• DIRECTIONS: Word for word, give the data again without its pictures.

• DATA EXTRACT:
****************
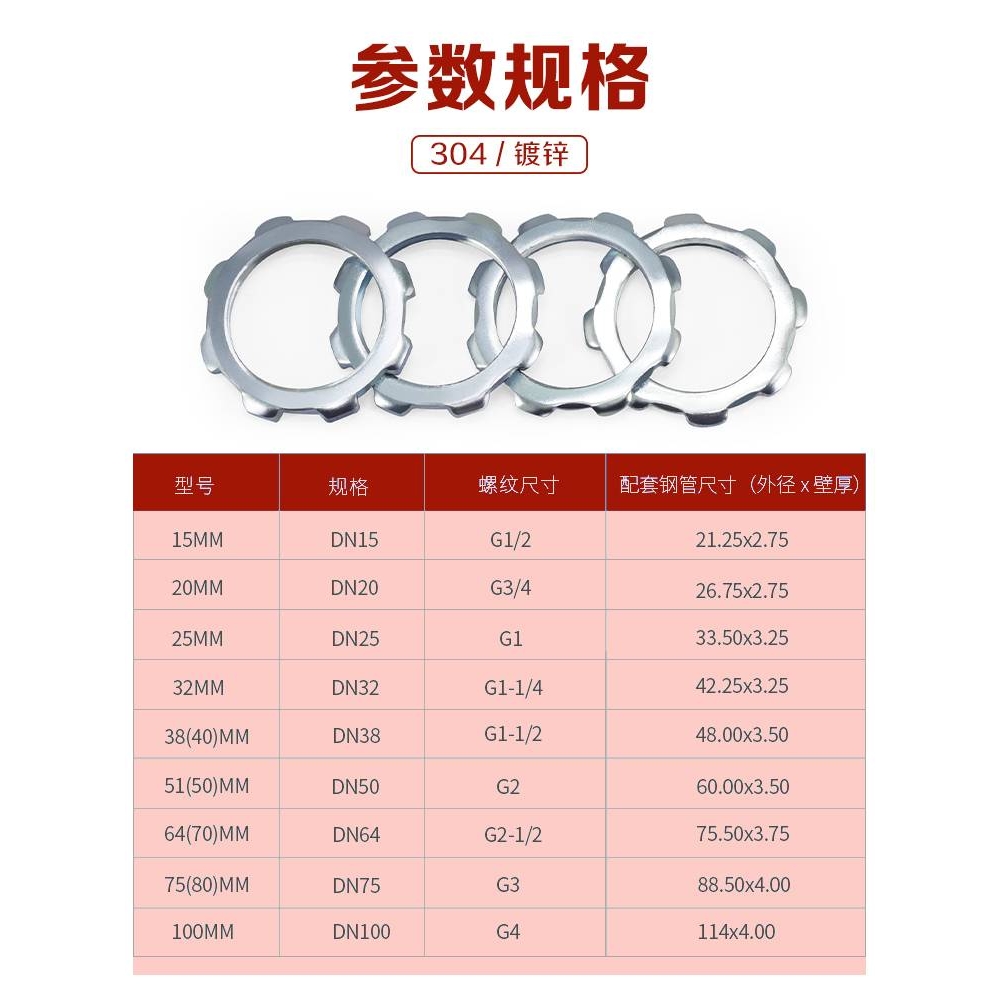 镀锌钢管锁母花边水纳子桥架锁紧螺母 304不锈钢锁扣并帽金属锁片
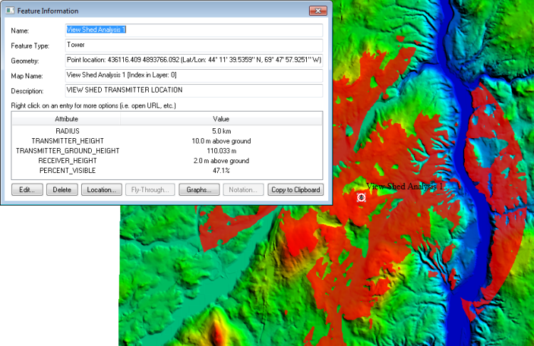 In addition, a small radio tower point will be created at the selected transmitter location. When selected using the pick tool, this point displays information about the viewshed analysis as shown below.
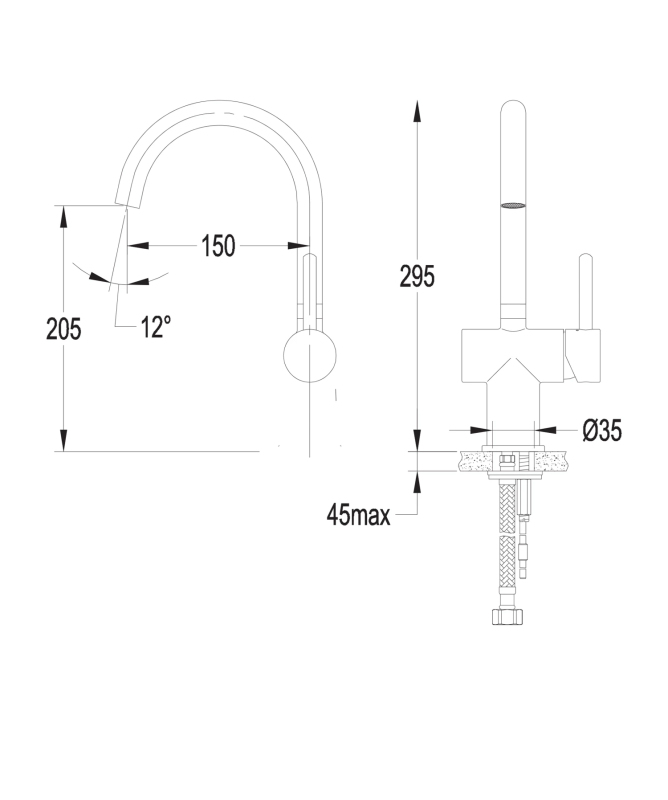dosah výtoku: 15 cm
****************
• EXERCISE RESULT:
 镀锌钢管锁母花边水纳子桥架锁紧螺母 304不锈钢锁扣并帽金属锁片
 In addition, a small radio tower point will be created at the selected transmitter location. When selected using the pick tool, this point displays information about the viewshed analysis as shown below.
dosah výtoku: 15 cm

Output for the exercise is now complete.